Après le plébiscité Un prophète, Jacques Audiard revient avec De rouille et d’os, adaptation d’un recueil de nouvelles de l’américain Craig Davidson. Un film puissant sur le corps et la (re)construction de soi. Un sérieux prétendant à la Palme d’or.
Lui est un corps débordant. Massif, sculptural à force de suer sur les rings et le bitume, il s’impose à l’autre, effraie, rassure aussi, sans besoin de paroles. Pareille stature économise de la salive. D’ailleurs les rares moments où Ali (Matthias Schoenaerts) parle, les mots ne sonnent pas juste. Seule cette matérialité lourde, comme inévitable, le relie au monde. Son fils, frêle oiseau sauvage; sa sœur éreintée par le quotidien; ses conquêtes éphémères, ses collègues de travail, ses combats de boxe: tout passe par ce corps, immense territoire instable, qui malgré l’exercice et la rigueur de l’entraînement sportif, risque en permanence d’exploser.
Elle est un corps supplicié. D’abord objet de désir, Stéphanie (Marion Cotillard) sombre à cause d’un accident de l’autre côté, du bord de ces corps soudain repoussés, non plus sources de jouissance mais de douleur. Handicapée, l’harmonie de l’unité a cédé le pas au chaos de la chair en souffrance.
Ils sont un corps. Jacques Audiard raconte cette rencontre, cette relation nouée entre deux solitudes. Pareils à deux animaux blessés – l’un par les ravages de sa bestialité, l’autre par le refoulement de sa propre bestialité – ils luttent, résistent, glissent, renoncent, s’écartèlent, pour finalement se retrouver.

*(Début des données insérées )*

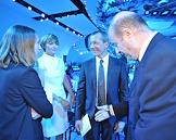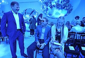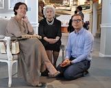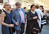 Слева направо: Основатель Московского дома фотографии, директор Мультимедиа Арт Музея Ольга Свиблова, совладелицы "Независимой газеты" Константин и Елена Ремчуковы перед началом показа осенне-зимней коллекции модного дома Christian Dior на Красной площади.
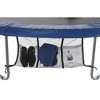 Get this Upper Bounce Universal Three Pouch Trampoline Shoe Bag to eliminate all the clutter on and around your trampoline. It's the perfect solution for you to keep all your stuff together and it attaches easily right to your trampoline. Made of heavy duty black mesh it will keep your stuff protected and out of the way while you jump. This is one smart accessory to have around trampolines! Bag measures approx. 48" X 27" and attach to your trampoline with straps. Features 3 16" X 13" pockets to place your shoes, jewelry, games etc.
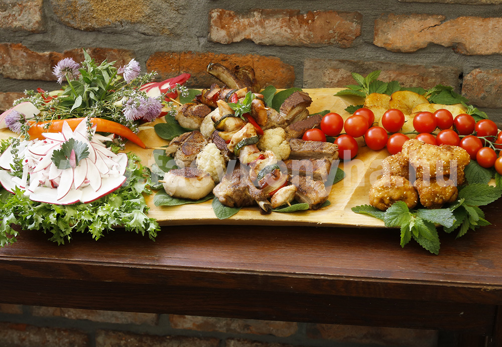 A sertés- és a borjúoldalast enyhén sós, fokhagymás, zsályás és oregánós fűszerezett vízben egy forralásig főzzük, majd hagyjuk kihűlni, és 2 napig hűtőben érleljük. A szűzérmét karikákra vágjuk, körbetekerjük mangalica szalonnával, sóval ízesítjük és pálcikára szúrjuk. A csirkemellet, a kolozsvári szalonnát kockákra, a paprikát, a cukkinit karikákra, a hagymát cikkekre vágjuk. Egymás után: hús, paprika, hagyma, szalonna, cukkini, majd a sorrendet megismételve pálcikákra húzzuk. A karfiolt rózsáira bontjuk, felét felvert enyhén sós tojásba, majd szezámmagos zsemlemorzsába forgatva kisütjük. A húsokat állandó locsolgatás mellett forgatva szép pirosra rostlapon megsütjük a megmaradt karfiollal együtt. A burgonyát megtisztítjuk, karikára vágjuk, és forró olajban restre sütjük. A retket és a zellert zsülienre vágjuk, sóval, citromlével ízesítjük, és rukkolasaláta ágyra rakjuk. A húsok mellé köretnek burgonyát és szezámmagos rántott karfiolt kínálunk, friss fűszernövényekkel és paprikával díszítjük.

Mais le réalisateur d’Un prophète, habile, s’extrait d’une narration linéaire et surtout évite de répéter un motif déjà mille fois entendu. Ici, il n’est pas seulement question de montrer une histoire d’amour entre deux êtres paumés en quête d’eux-mêmes.
Porté par une mise en scène incisive, nerveuse (caméra à l’épaule), toujours sur le fil; par le jeu des variations entre lumière et obscurité; par les présences évidentes et mutiques des interprètes, le film interroge notre vision du corps et ses multiples représentations.
Parce qu’intoxiqués par un flot incessant de projections caricaturales, nous demeurons étrangers de nos corps. Obscénité, pornographie, hyper-violence : tout nous écarte de nos enveloppes. Via les écrans, via les magazines, les consciences impriment les schémas normatifs ainsi quotidiennement déversés.
En somme, vivre requiert de savoir son corps. De s’extraire des diktats, des images d’Epinal, des conceptions préfabriquées. D’assumer son animalité sans pour autant la laisser déborder. Un équilibre difficile, mais possible sans doute grâce à l’amour. Grâce à une relation qui permette de joindre les parts manquantes, de toucher à l’unité du corps. Pour exister enfin.
Guillaume Blacherois
De rouille et d’os. Film de Jacques Audiard, avec Matthias Schoenaerts, Marillon Cotillard, Bouli Lanners.
Sortie nationale le 17 mai 2012. Sélection officielle, en compétition à Cannes.